As Director of Openness, Digital and Data at the government's Food Standards Agency, Julie Pierce has one of the longest job titles in the CIO world, but her organisation's goal can be encapsulated in a commendably few, clear words: food we can trust. That's what the regulator's mission declares, the FSA aims to ensure the nation's food producers and processors deliver food that is safe to eat.
As a result, blockchain is a big issue for Pierce. She is running proofs of concept for the technology through the food supply chain while also exploring the use of sensors in manufacturing plants. Her team is applying analytics and machine learning in food surveillance, using data-driven techniques to look for signals that could indicate food safety or crime issues across the world. The aim is to put the onus of ensuring food is safe and what it says it is onto food businesses. She has also overhauled the content on the beta.food.gov.uk site, slashing 33,000 pages of critical guidance for food businesses to under 1,500.

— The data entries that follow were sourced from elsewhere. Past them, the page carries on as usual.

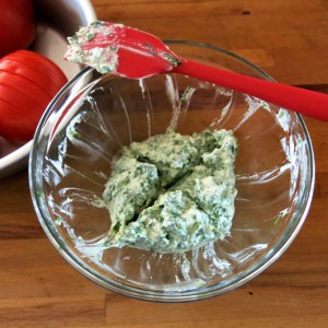 NOTE: I think it would be a good idea to place each cored tomato, cored top-down on a slice of French-type bread. Bake as suggested. This would allow the juices to absorb better. It’s a thought!
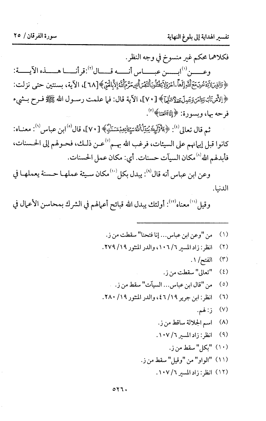 وعن ابن عباس أنه قال: قرأنا هذه الآية: {والذين لاَ يَدْعُونَ مَعَ الله إلها آخَرَ وَلاَ يَقْتُلُونَ النفس التي حَرَّمَ الله إِلاَّ بالحق}، الآية، بسنتين حتى نزلت: {إِلاَّ مَن تَابَ وَآمَنَ وَعَمِلَ عَمَلاً صَالِحاً}، الآية قال: فما علمت رسول الله A فرح بشيء فرحه بها، وبسورة: {إِنَّا فَتَحْنَا} [الفتح: 1].
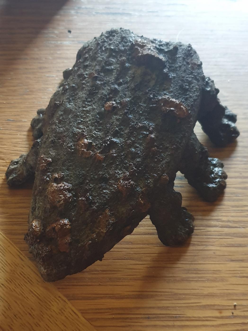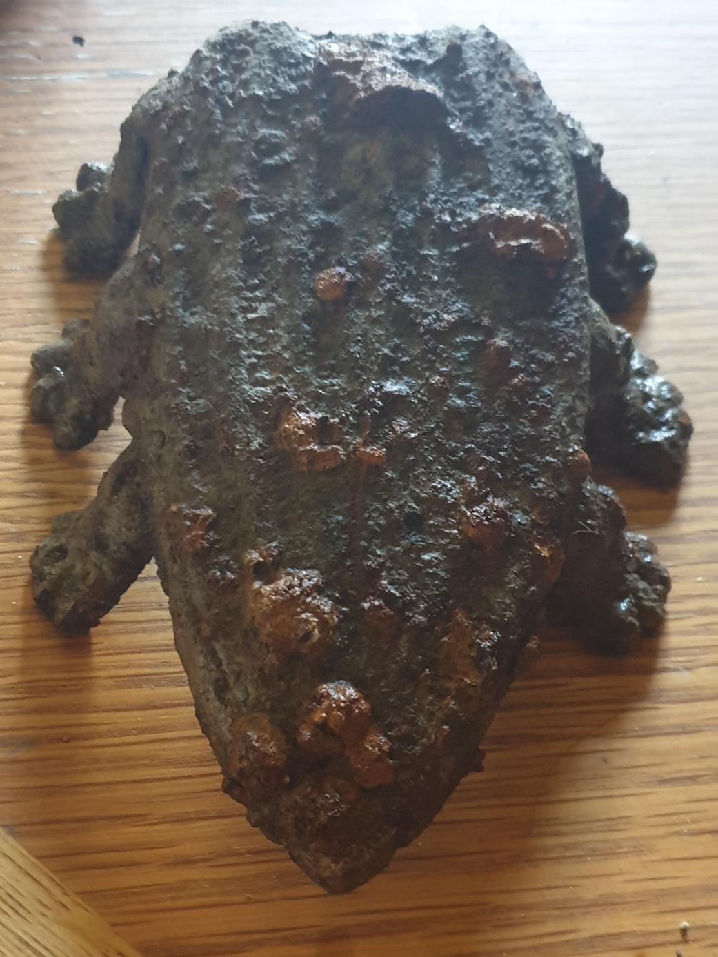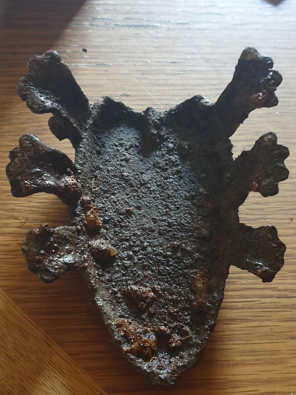 Auf der Wiese fand sich das, 10cm Tief mit Programm Relikte. 14 cm Lang, 12 cm Breit Es steht schräg, vorne am Spitz fast am Boden, hinten 5cm hoch.Stichworte: -😎 1 -
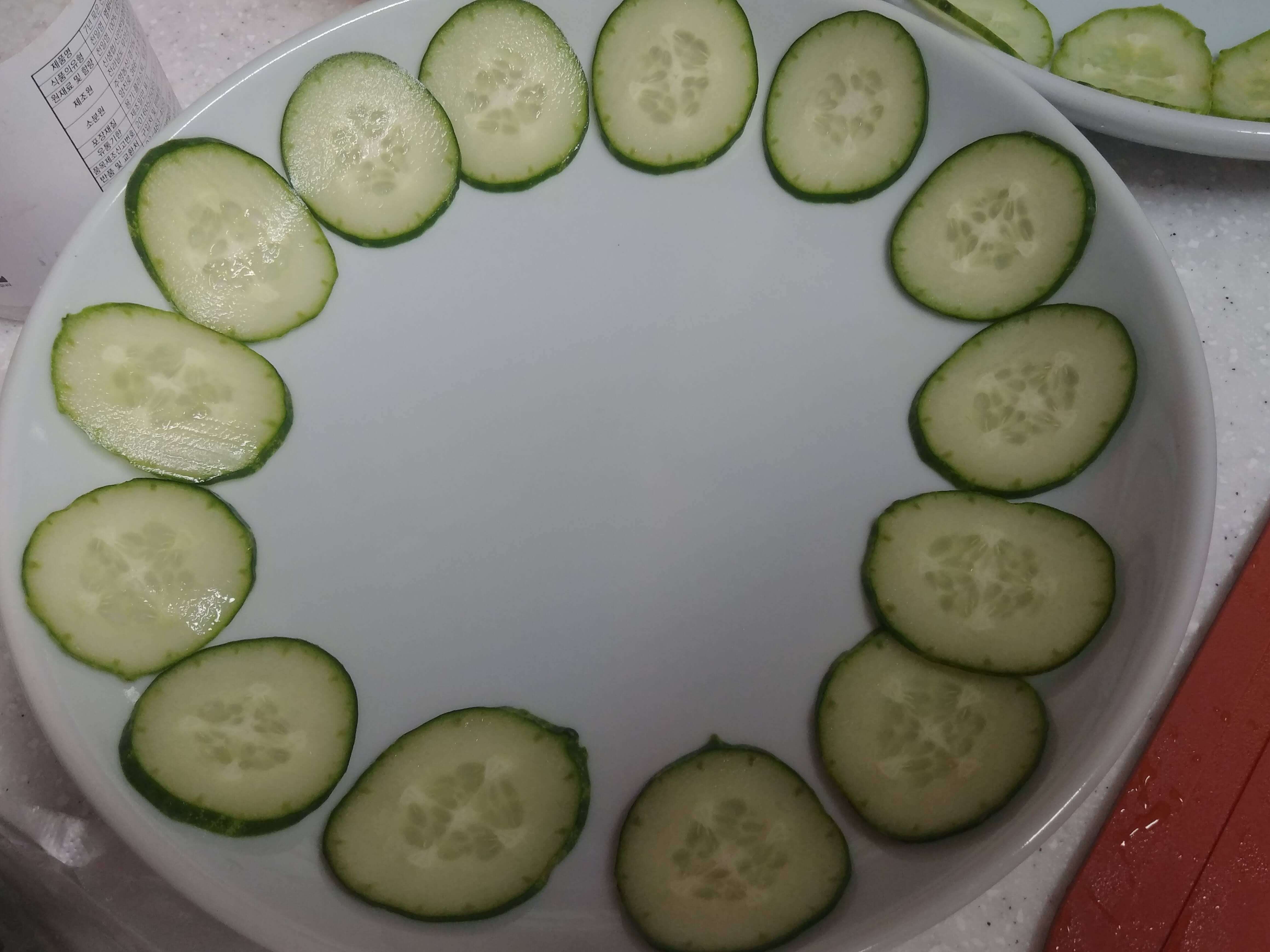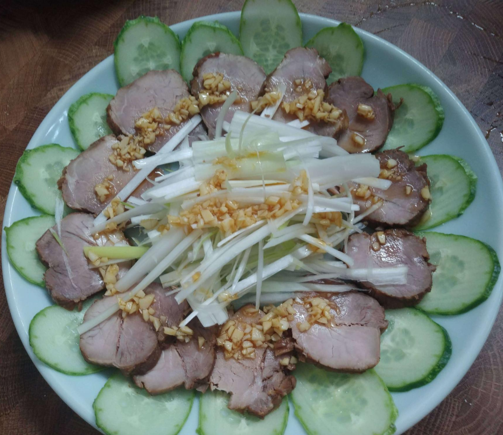 고기를 꺼내서 썰어주고 담습니다. 두께는 적당하게 썰어주고 약간 더 어슷하게 썰어서 오이랑 크기를 맞추어주어도 좋을듯합니다. 오이를 먼저 깔고 고기를 그 위에 올립니다. 가운데에 얇게 채 썬 대파채를 올리고 소스를 골고루 뿌려주면 완성입니다.

Internally too, it's been a busy year for Pierce. Her team migrated over 100 servers to a new Azure environment, rolled out Office 365, progressively replaced legacy siloed systems with simpler and cheaper integrated data services, and deployed an automated data publishing platform that controls the food standards and release process. The moves have made users happier and cut costs, and have been achieved with no service outages.
Under Pierce, the workplace has become digital. A user-led internal service sitting on the O365 toolset allows staff to easily find colleagues wherever they are in the agency, access static information and policies through highly searchable wiki-style pages, find all staff and team news in one place, and comment and ask questions through Yammer.